11 Dezembro 2023, 18h39

Na Quinta da Pimenteira, em Lisboa, cerca de 250 pessoas participaram ao longo do dia 29 de novembro na reflexão sobre o “Futuro da Faturação Eletrónica no Setor Público em Portugal”, com a apresentação de casos de sucesso e vários painéis de discussão, dinamizados por líderes do setor público e privado. Em debate, estiveram temas como a democratização da faturação eletrónica, a visão de entidades públicas e das empresas de software, os desafios na contratação pública e a obrigatoriedade para as Pequenas e Médias Empresas (PME), os aspetos jurídicos e a responsabilidade ambiental.

Na sessão de boas-vindas, James Buckley, managing director da Sovos na Europa, explicou que a fornecedora de software fiscal tem operações em 15 países do mundo, com mais de 2800 profissionais, dos quais 700 na Europa. Portugal representa um “racional estratégico” para acrescentar escala à operação europeia, tendo como mais-valia profissionais com talento e bem formados academicamente. O evento na capital portuguesa permite dar um passo em frente no esclarecimento sobre faturação eletrónica.

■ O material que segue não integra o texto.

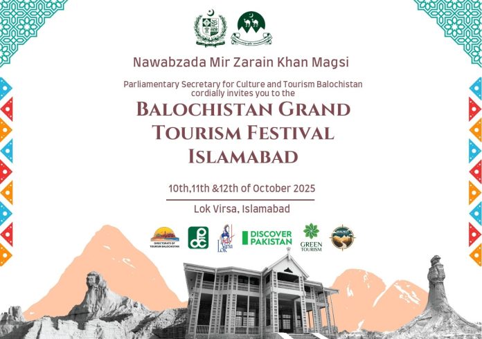 QUETTA, Oct 9 (APP):The Balochistan Department of Culture and Tourism has all set to organize the Balochistan Grand Tourism Festival in Islamabad from October 10 to 12, 2025, aiming to spotlight the province’s rich cultural heritage, natural beauty, and vast tourism potential.
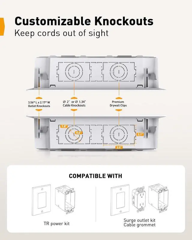 Choose Your Own Configuration: Featuring removable knockouts, our recessed outlet box offers multiple pre-set openings for a tailored setup. Easily choose the ideal position and size for cable routing or power outlet (not included) installation for a media connection that suits you. Plus, the included hook and loop strips help keep cables neatly bundled, preventing tangles and ensuring a well-organized, clutter-free media space.
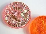 ベースガラスは透明な朱色で、虹色コーティングが施されています。
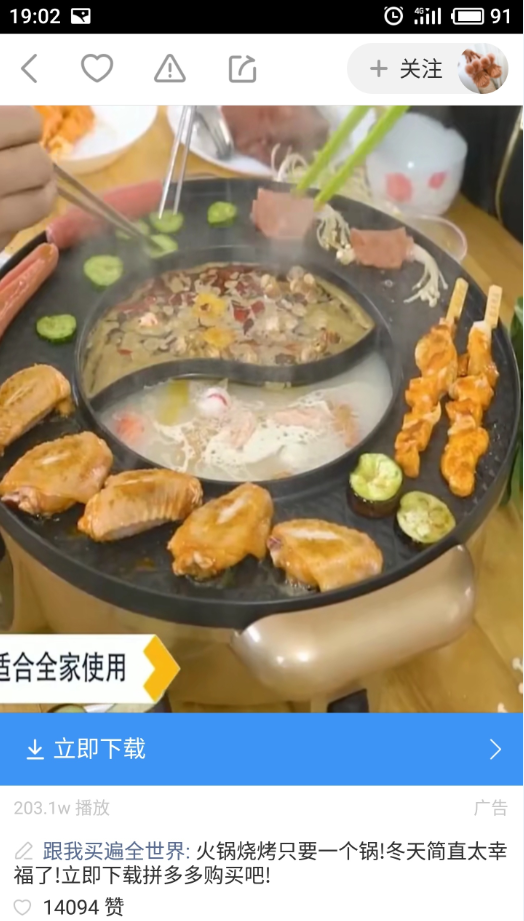拼多多这次在平台上投放的广告就是以火锅味切入点,选用了当下时节最受欢迎的火锅烧烤一体锅作为广告主打产品。拼多多此次投放广告的目的是为了推广APP,增加APP用户数量。拼多多主打的是低价策略,相对而言,用户群体更偏向于三四线城市及以下的消费者。

Rui Fontoura, CEO da Sovos Saphety, em declarações ao JE LAB, faz o balanço da iniciativa: “São evidentes os benefícios para as entidades públicas que já adotaram a faturação eletrónica, mas existem algumas dúvidas sobre questões relacionadas com a implementação e legislação. A faturação eletrónica em Portugal será uma realidade, já o está a ser noutros países europeus, faz parte das diretivas europeias, não podemos escapar e, portanto, quanto mais cedo as empresas avançarem melhor. Estas foram as principais questões em cima da mesa ao longo do dia, depois tivemos outras apresentações também interessantes, nomeadamente a que referiu a pegada de carbono da própria fatura.”

Sofia Santos, da Systemic, é o rosto no evento do tema faturação eletrónica e sustentabilidade, alertando para o facto de “ser expetável que, a curto prazo, as empresas tenham de reportar as emissões de CO2 em toda a cadeia de valor”. A representante da consultora na área de gestão e financiamento sustentável refere também que, segundo as últimas conclusões dos Bancos Mundiais, “o aumento da temperatura faz diminuir o PIB” e se não travarmos esta situação em 2050 teremos um PIB negativo devido às alterações climáticas.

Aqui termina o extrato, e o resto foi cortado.